Carmen mira a Carmen Quinteiro con curiosidad. Básicamente es eso. Sabe cómo comenzó la que ahora algunos llaman escritora, conoce exactamente lo que la llevó a poner por escrito emociones e historias. Sabe que el comienzo fue una forma muy personal de «achicar penas», de tratar de encontrar un asidero en aquella caída, en «aquel morir sin tocar fondo»; y ahora se pregunta cómo ha llegado a convertirlo de forma tan rápida en una pasión, en una forma de estar en el día a día, propio e íntimo.
También ser pregunta si Carmen Quinteiro no piensa -demasiado- en que exista quien -del otro lado- va a leer lo que ella cuenta. Nunca le pregunta. Por si acaso.
Y aquí entra Carmen a preguntarse también por qué esas personas que la leen son fieles y están al tanto de sus historias. Pero ahí, al pensarlo un poco, mujer y escritora coinciden: las emociones son del que las lee plasmadas en párrafos o versos, y la capacidad de empatizar con ellas, hacerlas suyas, verse reflejados, sentirlas como vividas, es el gran mérito que acompaña a lo que Carmen Quinteiro escribe.
Poco más habría que añadir a esta forma de contemplar la una a la otra. Bueno, algo más a añadir a esa curiosidad; la alegría.
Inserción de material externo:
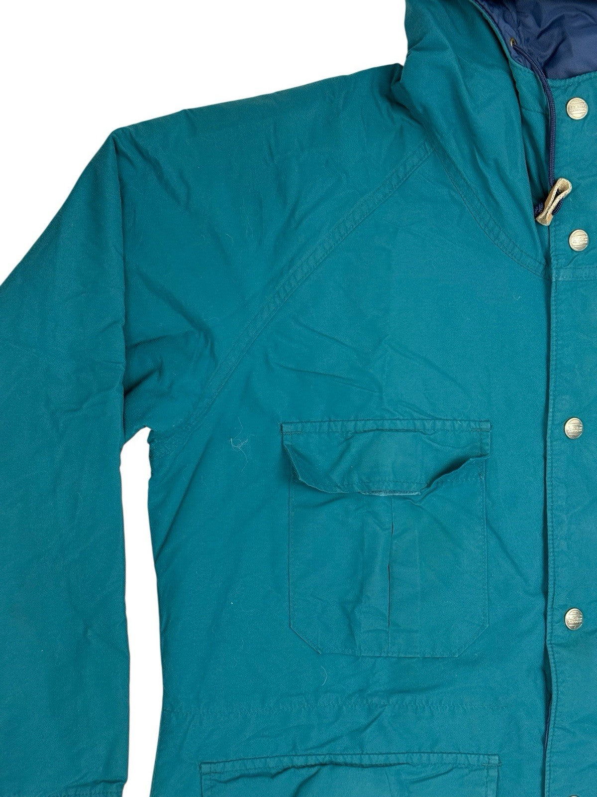 L.L. Bean Vintage Green 'Baxter State Parka' Full Zip Through Insulated Hooded Jacket, Drawstring Hood and Waist, Zip and Metal Snap Button Closure, Velcro Sleeve Cuffs, Retro 90's Outdoor Wear Americana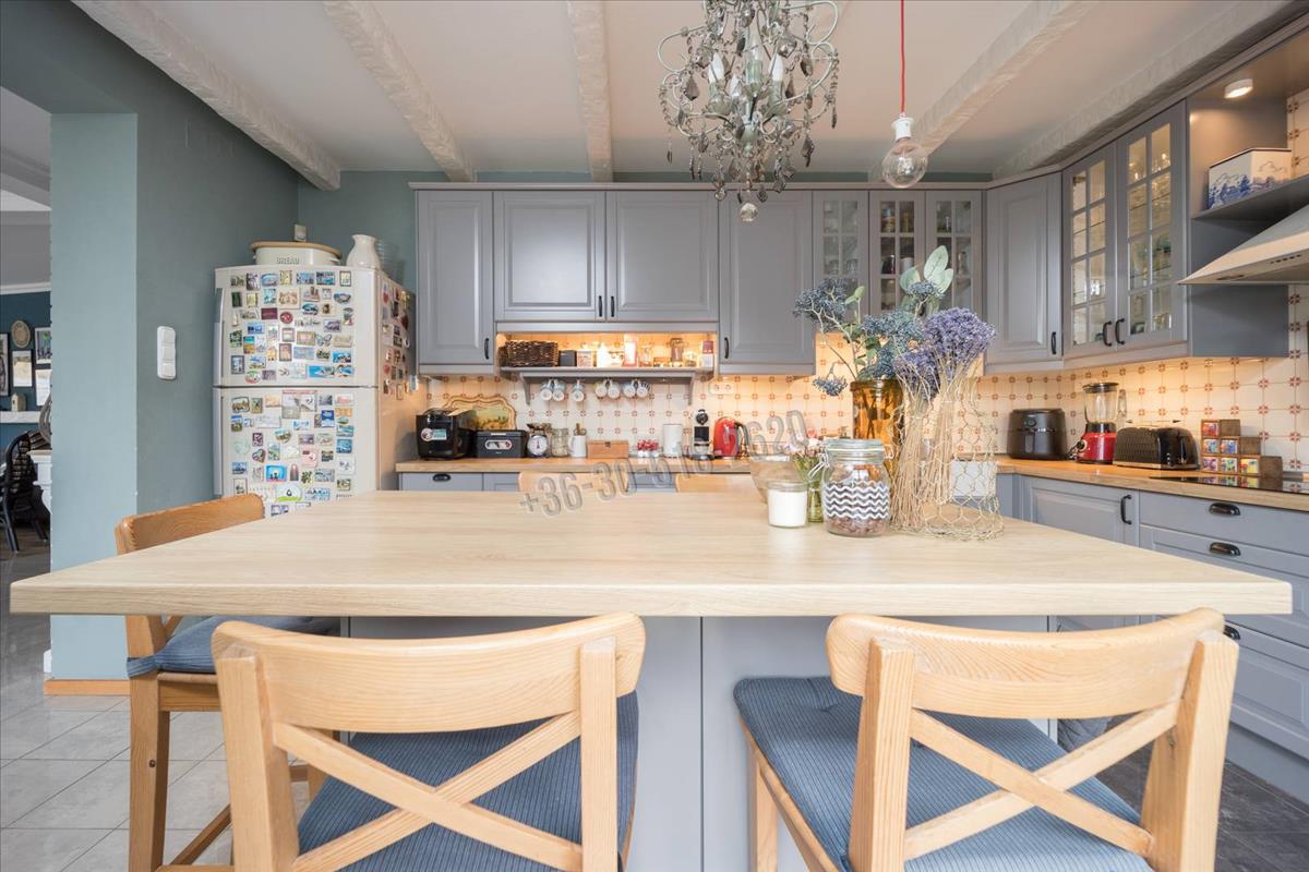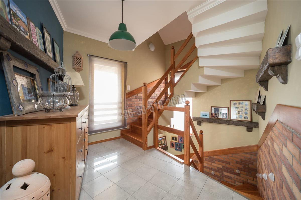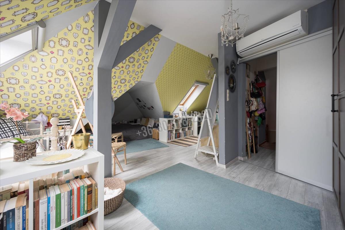 A három szinten elhelyezkedő, közel 214 m²-es lakótér rendkívül átgondolt kialakítású. a földszinten található tágas nappali, étkező és konyha egy légtérben helyezkedik el, amely világos, barátságos központi életteret teremt, tökéletes mind a mindennapi élethez, mind a vendégek fogadásához. Az emeleti és tetőtéri szinteken kialakított hálószobák kényelmes életteret biztosítanak akár nagyobb család számára is, a jelenlegi négy hálószoba mellett további egy szoba is könnyedén kialakítható. a beépített konyhabútor, a praktikus tárolóhelyiségek, valamint a két fürdőszoba és külön mellékhelyiség mind a funkcionalitást erősítik.

Sí, la mujer mira a la autora y se alegra en el alma por ella. Sabe que ha llegado por un camino muy particular. Nada fácil. Pero sea como sea, le ha servido para llevarla hacia una pasión que la acompaña las veinticuatro horas del día. Escribir y escribir. Y que le sirve además para aprender, para avanzar, para entender, para liberar y de paso, de cuando en vez, ser más feliz. Así que, como no alegrarse de la parte que le toca y que disfruta cuando la sonrisa está presente para ambas.